# Input data
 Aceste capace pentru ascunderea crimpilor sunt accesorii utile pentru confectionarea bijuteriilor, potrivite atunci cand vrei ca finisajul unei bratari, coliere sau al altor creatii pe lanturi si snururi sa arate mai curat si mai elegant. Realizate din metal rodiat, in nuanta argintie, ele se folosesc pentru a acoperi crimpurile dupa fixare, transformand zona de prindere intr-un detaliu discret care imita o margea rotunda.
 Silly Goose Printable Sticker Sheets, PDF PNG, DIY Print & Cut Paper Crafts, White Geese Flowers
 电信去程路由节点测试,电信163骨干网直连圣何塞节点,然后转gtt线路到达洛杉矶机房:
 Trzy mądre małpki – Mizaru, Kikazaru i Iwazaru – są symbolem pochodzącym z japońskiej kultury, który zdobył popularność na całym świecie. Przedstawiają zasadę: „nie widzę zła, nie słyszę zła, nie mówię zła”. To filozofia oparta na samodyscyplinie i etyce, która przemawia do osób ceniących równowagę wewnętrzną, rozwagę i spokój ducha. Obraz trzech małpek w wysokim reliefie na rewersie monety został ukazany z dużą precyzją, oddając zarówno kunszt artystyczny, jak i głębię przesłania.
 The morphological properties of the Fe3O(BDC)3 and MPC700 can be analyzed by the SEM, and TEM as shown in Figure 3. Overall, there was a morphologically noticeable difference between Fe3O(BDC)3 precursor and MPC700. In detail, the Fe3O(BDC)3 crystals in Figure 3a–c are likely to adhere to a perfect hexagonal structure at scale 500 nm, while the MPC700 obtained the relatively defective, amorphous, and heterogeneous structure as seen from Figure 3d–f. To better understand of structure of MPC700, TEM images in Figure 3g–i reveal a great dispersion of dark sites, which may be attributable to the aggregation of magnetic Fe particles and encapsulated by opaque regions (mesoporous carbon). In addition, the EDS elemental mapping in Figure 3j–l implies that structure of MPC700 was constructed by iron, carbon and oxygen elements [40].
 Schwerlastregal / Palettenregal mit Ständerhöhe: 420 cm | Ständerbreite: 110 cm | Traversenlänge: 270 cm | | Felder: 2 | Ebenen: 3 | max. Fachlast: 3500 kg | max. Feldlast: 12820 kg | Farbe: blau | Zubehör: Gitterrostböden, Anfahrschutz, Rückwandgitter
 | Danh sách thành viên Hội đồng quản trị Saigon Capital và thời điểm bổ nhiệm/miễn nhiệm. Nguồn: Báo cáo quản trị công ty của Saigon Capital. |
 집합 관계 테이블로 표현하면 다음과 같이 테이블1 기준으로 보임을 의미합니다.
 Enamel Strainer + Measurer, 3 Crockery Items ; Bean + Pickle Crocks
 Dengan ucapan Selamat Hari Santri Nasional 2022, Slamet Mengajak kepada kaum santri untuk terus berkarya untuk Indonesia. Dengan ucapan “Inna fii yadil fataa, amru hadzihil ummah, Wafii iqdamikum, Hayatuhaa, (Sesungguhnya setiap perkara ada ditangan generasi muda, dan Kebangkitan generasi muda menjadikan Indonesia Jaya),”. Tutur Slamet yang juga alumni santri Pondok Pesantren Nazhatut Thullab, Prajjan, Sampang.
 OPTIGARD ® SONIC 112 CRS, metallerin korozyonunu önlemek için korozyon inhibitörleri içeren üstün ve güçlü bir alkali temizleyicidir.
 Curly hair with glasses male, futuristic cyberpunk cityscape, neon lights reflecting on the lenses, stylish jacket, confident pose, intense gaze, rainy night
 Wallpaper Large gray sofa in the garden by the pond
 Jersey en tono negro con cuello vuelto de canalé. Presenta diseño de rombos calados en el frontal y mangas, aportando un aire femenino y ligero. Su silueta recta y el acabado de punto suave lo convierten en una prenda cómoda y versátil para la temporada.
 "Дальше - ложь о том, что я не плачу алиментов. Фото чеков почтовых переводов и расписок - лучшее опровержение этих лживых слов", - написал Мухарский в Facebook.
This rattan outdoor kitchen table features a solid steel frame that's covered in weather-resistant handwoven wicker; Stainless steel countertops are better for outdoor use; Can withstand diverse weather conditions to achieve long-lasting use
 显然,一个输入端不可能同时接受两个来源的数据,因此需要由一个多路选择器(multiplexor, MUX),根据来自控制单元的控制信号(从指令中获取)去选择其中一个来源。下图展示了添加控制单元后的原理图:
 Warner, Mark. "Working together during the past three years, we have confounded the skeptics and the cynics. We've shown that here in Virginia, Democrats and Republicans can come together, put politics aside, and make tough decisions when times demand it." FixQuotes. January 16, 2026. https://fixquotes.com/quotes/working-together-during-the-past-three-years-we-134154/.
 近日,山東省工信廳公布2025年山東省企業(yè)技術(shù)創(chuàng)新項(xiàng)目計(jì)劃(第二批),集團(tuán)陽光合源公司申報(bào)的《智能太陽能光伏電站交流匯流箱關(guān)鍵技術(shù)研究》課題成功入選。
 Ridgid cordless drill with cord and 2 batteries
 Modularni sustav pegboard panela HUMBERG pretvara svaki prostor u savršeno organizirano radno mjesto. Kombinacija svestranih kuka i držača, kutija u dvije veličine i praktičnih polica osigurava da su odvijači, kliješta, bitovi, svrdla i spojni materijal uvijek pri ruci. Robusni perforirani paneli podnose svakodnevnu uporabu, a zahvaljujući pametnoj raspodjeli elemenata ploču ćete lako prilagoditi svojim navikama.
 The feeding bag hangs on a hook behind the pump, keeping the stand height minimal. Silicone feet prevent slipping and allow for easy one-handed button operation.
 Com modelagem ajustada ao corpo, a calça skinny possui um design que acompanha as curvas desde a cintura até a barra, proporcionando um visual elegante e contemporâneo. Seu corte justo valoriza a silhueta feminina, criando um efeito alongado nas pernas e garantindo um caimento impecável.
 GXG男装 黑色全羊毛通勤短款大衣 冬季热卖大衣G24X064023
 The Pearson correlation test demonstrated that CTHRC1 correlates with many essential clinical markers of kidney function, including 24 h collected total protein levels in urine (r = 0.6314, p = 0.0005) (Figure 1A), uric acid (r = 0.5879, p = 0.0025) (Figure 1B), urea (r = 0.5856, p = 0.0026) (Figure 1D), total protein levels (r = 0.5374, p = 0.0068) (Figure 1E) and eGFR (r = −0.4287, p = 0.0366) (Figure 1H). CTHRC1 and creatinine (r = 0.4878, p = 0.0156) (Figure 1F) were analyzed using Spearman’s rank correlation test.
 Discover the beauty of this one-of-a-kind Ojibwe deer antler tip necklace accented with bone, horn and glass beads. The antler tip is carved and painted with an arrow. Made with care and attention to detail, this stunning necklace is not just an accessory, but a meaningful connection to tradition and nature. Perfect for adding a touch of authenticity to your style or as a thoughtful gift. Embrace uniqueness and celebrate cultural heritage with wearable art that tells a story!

# Task requirements
Every entry is to be transcribed exactly as it stands.

# Final answer
 Aceste capace pentru ascunderea crimpilor sunt accesorii utile pentru confectionarea bijuteriilor, potrivite atunci cand vrei ca finisajul unei bratari, coliere sau al altor creatii pe lanturi si snururi sa arate mai curat si mai elegant. Realizate din metal rodiat, in nuanta argintie, ele se folosesc pentru a acoperi crimpurile dupa fixare, transformand zona de prindere intr-un detaliu discret care imita o margea rotunda.
 Silly Goose Printable Sticker Sheets, PDF PNG, DIY Print & Cut Paper Crafts, White Geese Flowers
 电信去程路由节点测试,电信163骨干网直连圣何塞节点,然后转gtt线路到达洛杉矶机房:
 Trzy mądre małpki – Mizaru, Kikazaru i Iwazaru – są symbolem pochodzącym z japońskiej kultury, który zdobył popularność na całym świecie. Przedstawiają zasadę: „nie widzę zła, nie słyszę zła, nie mówię zła”. To filozofia oparta na samodyscyplinie i etyce, która przemawia do osób ceniących równowagę wewnętrzną, rozwagę i spokój ducha. Obraz trzech małpek w wysokim reliefie na rewersie monety został ukazany z dużą precyzją, oddając zarówno kunszt artystyczny, jak i głębię przesłania.
 The morphological properties of the Fe3O(BDC)3 and MPC700 can be analyzed by the SEM, and TEM as shown in Figure 3. Overall, there was a morphologically noticeable difference between Fe3O(BDC)3 precursor and MPC700. In detail, the Fe3O(BDC)3 crystals in Figure 3a–c are likely to adhere to a perfect hexagonal structure at scale 500 nm, while the MPC700 obtained the relatively defective, amorphous, and heterogeneous structure as seen from Figure 3d–f. To better understand of structure of MPC700, TEM images in Figure 3g–i reveal a great dispersion of dark sites, which may be attributable to the aggregation of magnetic Fe particles and encapsulated by opaque regions (mesoporous carbon). In addition, the EDS elemental mapping in Figure 3j–l implies that structure of MPC700 was constructed by iron, carbon and oxygen elements [40].
 Schwerlastregal / Palettenregal mit Ständerhöhe: 420 cm | Ständerbreite: 110 cm | Traversenlänge: 270 cm | | Felder: 2 | Ebenen: 3 | max. Fachlast: 3500 kg | max. Feldlast: 12820 kg | Farbe: blau | Zubehör: Gitterrostböden, Anfahrschutz, Rückwandgitter
 | Danh sách thành viên Hội đồng quản trị Saigon Capital và thời điểm bổ nhiệm/miễn nhiệm. Nguồn: Báo cáo quản trị công ty của Saigon Capital. |
 집합 관계 테이블로 표현하면 다음과 같이 테이블1 기준으로 보임을 의미합니다.
 Enamel Strainer + Measurer, 3 Crockery Items ; Bean + Pickle Crocks
 Dengan ucapan Selamat Hari Santri Nasional 2022, Slamet Mengajak kepada kaum santri untuk terus berkarya untuk Indonesia. Dengan ucapan “Inna fii yadil fataa, amru hadzihil ummah, Wafii iqdamikum, Hayatuhaa, (Sesungguhnya setiap perkara ada ditangan generasi muda, dan Kebangkitan generasi muda menjadikan Indonesia Jaya),”. Tutur Slamet yang juga alumni santri Pondok Pesantren Nazhatut Thullab, Prajjan, Sampang.
 OPTIGARD ® SONIC 112 CRS, metallerin korozyonunu önlemek için korozyon inhibitörleri içeren üstün ve güçlü bir alkali temizleyicidir.
 Curly hair with glasses male, futuristic cyberpunk cityscape, neon lights reflecting on the lenses, stylish jacket, confident pose, intense gaze, rainy night
 Wallpaper Large gray sofa in the garden by the pond
 Jersey en tono negro con cuello vuelto de canalé. Presenta diseño de rombos calados en el frontal y mangas, aportando un aire femenino y ligero. Su silueta recta y el acabado de punto suave lo convierten en una prenda cómoda y versátil para la temporada.
 "Дальше - ложь о том, что я не плачу алиментов. Фото чеков почтовых переводов и расписок - лучшее опровержение этих лживых слов", - написал Мухарский в Facebook.
This rattan outdoor kitchen table features a solid steel frame that's covered in weather-resistant handwoven wicker; Stainless steel countertops are better for outdoor use; Can withstand diverse weather conditions to achieve long-lasting use
 显然,一个输入端不可能同时接受两个来源的数据,因此需要由一个多路选择器(multiplexor, MUX),根据来自控制单元的控制信号(从指令中获取)去选择其中一个来源。下图展示了添加控制单元后的原理图:
 Warner, Mark. "Working together during the past three years, we have confounded the skeptics and the cynics. We've shown that here in Virginia, Democrats and Republicans can come together, put politics aside, and make tough decisions when times demand it." FixQuotes. January 16, 2026. https://fixquotes.com/quotes/working-together-during-the-past-three-years-we-134154/.
 近日,山東省工信廳公布2025年山東省企業(yè)技術(shù)創(chuàng)新項(xiàng)目計(jì)劃(第二批),集團(tuán)陽光合源公司申報(bào)的《智能太陽能光伏電站交流匯流箱關(guān)鍵技術(shù)研究》課題成功入選。
 Ridgid cordless drill with cord and 2 batteries
 Modularni sustav pegboard panela HUMBERG pretvara svaki prostor u savršeno organizirano radno mjesto. Kombinacija svestranih kuka i držača, kutija u dvije veličine i praktičnih polica osigurava da su odvijači, kliješta, bitovi, svrdla i spojni materijal uvijek pri ruci. Robusni perforirani paneli podnose svakodnevnu uporabu, a zahvaljujući pametnoj raspodjeli elemenata ploču ćete lako prilagoditi svojim navikama.
 The feeding bag hangs on a hook behind the pump, keeping the stand height minimal. Silicone feet prevent slipping and allow for easy one-handed button operation.
 Com modelagem ajustada ao corpo, a calça skinny possui um design que acompanha as curvas desde a cintura até a barra, proporcionando um visual elegante e contemporâneo. Seu corte justo valoriza a silhueta feminina, criando um efeito alongado nas pernas e garantindo um caimento impecável.
 GXG男装 黑色全羊毛通勤短款大衣 冬季热卖大衣G24X064023
 The Pearson correlation test demonstrated that CTHRC1 correlates with many essential clinical markers of kidney function, including 24 h collected total protein levels in urine (r = 0.6314, p = 0.0005) (Figure 1A), uric acid (r = 0.5879, p = 0.0025) (Figure 1B), urea (r = 0.5856, p = 0.0026) (Figure 1D), total protein levels (r = 0.5374, p = 0.0068) (Figure 1E) and eGFR (r = −0.4287, p = 0.0366) (Figure 1H). CTHRC1 and creatinine (r = 0.4878, p = 0.0156) (Figure 1F) were analyzed using Spearman’s rank correlation test.
 Discover the beauty of this one-of-a-kind Ojibwe deer antler tip necklace accented with bone, horn and glass beads. The antler tip is carved and painted with an arrow. Made with care and attention to detail, this stunning necklace is not just an accessory, but a meaningful connection to tradition and nature. Perfect for adding a touch of authenticity to your style or as a thoughtful gift. Embrace uniqueness and celebrate cultural heritage with wearable art that tells a story!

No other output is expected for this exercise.